• [WHAT IS REQUIRED]: Give again, word for word, every line below from the one that has "10月18日下午2:30,湖" through the one that has "Why pick just", both included, and no others.

• [MATERIAL TO PROCESS]:
──────────────────────────────

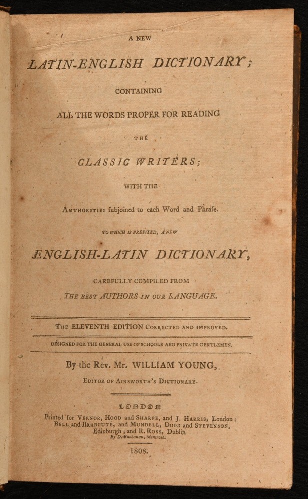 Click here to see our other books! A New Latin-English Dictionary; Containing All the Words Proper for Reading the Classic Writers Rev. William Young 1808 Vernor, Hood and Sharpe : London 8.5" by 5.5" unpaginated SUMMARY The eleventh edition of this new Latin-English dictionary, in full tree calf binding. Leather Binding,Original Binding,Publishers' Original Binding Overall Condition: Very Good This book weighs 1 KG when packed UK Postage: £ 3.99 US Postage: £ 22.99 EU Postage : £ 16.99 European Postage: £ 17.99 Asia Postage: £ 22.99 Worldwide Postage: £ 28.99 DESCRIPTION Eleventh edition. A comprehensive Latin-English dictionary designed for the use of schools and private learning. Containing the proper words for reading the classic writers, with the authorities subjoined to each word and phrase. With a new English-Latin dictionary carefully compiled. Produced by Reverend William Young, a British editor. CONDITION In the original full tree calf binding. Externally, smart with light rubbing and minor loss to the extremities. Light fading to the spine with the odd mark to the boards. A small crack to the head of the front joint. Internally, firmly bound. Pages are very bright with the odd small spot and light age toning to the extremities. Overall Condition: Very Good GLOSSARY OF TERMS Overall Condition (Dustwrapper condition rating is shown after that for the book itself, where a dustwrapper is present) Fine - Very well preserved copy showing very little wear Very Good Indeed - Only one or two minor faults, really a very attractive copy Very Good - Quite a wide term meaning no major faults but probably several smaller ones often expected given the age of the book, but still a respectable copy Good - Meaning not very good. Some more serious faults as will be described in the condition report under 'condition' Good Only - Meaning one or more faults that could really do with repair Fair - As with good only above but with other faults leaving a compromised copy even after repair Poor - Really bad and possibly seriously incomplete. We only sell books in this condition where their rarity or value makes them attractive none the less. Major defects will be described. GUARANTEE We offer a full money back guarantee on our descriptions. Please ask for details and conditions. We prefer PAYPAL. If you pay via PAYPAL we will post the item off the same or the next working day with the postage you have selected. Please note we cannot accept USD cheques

──────────────────────────────

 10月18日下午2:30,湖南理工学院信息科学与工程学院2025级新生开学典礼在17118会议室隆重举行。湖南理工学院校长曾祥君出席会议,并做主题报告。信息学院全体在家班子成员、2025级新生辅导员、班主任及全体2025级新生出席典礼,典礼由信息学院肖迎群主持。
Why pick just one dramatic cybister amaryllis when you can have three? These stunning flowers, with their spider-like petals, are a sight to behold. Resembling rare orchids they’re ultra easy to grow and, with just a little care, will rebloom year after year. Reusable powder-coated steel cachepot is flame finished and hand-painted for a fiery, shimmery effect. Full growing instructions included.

──────────────────────────────

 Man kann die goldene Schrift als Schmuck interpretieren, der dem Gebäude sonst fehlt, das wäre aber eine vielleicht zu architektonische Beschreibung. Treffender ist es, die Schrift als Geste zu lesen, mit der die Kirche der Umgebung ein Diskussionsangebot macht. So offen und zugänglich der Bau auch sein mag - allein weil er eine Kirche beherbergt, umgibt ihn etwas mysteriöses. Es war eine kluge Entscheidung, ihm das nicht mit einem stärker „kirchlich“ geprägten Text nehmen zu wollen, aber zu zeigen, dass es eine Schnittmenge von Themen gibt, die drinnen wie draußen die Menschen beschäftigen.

──────────────────────────────

• [ANSWER AREA]:
 10月18日下午2:30,湖南理工学院信息科学与工程学院2025级新生开学典礼在17118会议室隆重举行。湖南理工学院校长曾祥君出席会议,并做主题报告。信息学院全体在家班子成员、2025级新生辅导员、班主任及全体2025级新生出席典礼,典礼由信息学院肖迎群主持。
Why pick just one dramatic cybister amaryllis when you can have three? These stunning flowers, with their spider-like petals, are a sight to behold. Resembling rare orchids they’re ultra easy to grow and, with just a little care, will rebloom year after year. Reusable powder-coated steel cachepot is flame finished and hand-painted for a fiery, shimmery effect. Full growing instructions included.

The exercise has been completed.